Step-by-step explanation:

Given:

f(x) = 6 - 10*x^2

g(x) = 8 - (x-2)^2

Find:

(a) The equation of the line with the LARGEST slope that is tangent to both graphs is

(b) The equation of the second line tangent to both graphs is:

Solution:

- First, let's calculate the derivatives for the two functions provided:

f'(x) = -20*x

g'(x) = -2*(x-2)

- Given that the derivatives of both functions are dependent on the x-value, we will pick a common point x_o for both f(x) and g(x). This point is ( x_o, g(x_o)). Thus,

g'(x_o) = -2*(x_o - 2)

- Next, we will determine the slope of a line that is tangent to both graphs at point (x_o, g(x_o) ) on g(x) and at ( x, f(x) ) on f(x):

m = (g(x_o) - f(x)) / (x_o - x)

m = (8 - (x_o-2)^2 - 6 + 10*x^2) / (x_o - x)

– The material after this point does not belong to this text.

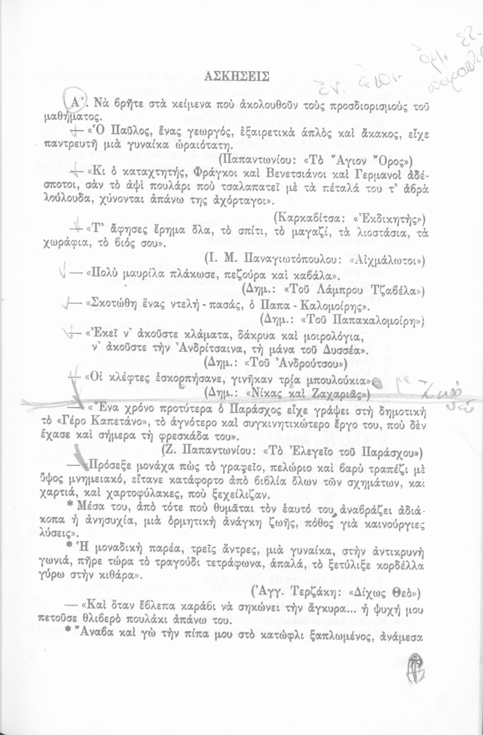 Παιδαγωγικό βοήθημα Γλώσσας για τον δάσκαλο. Περιέχει πεζά και ποιήματα Ελλήνων λογοτεχνών για την εκμάθηση της Ελληνικής γλώσσας.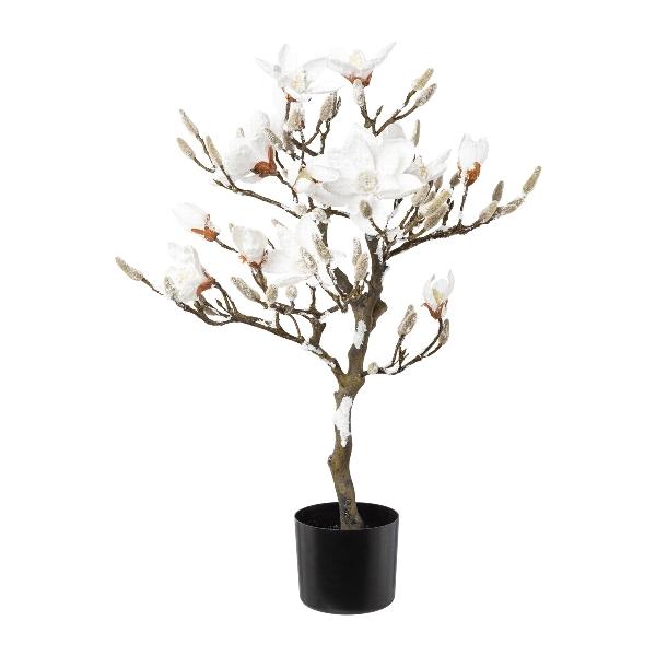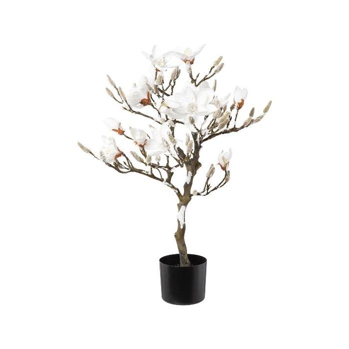 Umělý strom magnólie DOLS, umělý kmen, s květy, zasněžený, 85cm

m = (8 - (x_o^2 - 4*x_o + 4) - 6 + 10*x^2)/(x_o - x)

m = ( 8 - x_o^2 + 4*x_o -4 -6 +10*x^2) /(x_o - x)

m = ( -2 - x_o^2 + 4*x_o + 10*x^2) /(x_o - x)

- Now we need to set the slope from our equation equal to the derivatives we calculated earlier for each function:

m = f'(x) = g'(x_o)

- We will work through the first expression:

m = f'(x)

( -2 - x_o^2 + 4*x_o + 10*x^2) /(x_o - x) = -20*x

Eq 1. (-2 - x_o^2 + 4*x_o + 10*x^2) = -20*x*x_o + 20*x^2

And,

m = g'(x_o)

( -2 - x_o^2 + 4*x_o + 10*x^2) /(x_o - x) = -20*x

-2 - x_o^2 + 4*x_o + 10*x^2 = -2(x_o - 2)(x_o - x)

Eq 2 -2 - x_o^2 + 4*x_o+ 10*x^2 = -2(x_o^2 - x_o*(x + 2) + 2*x)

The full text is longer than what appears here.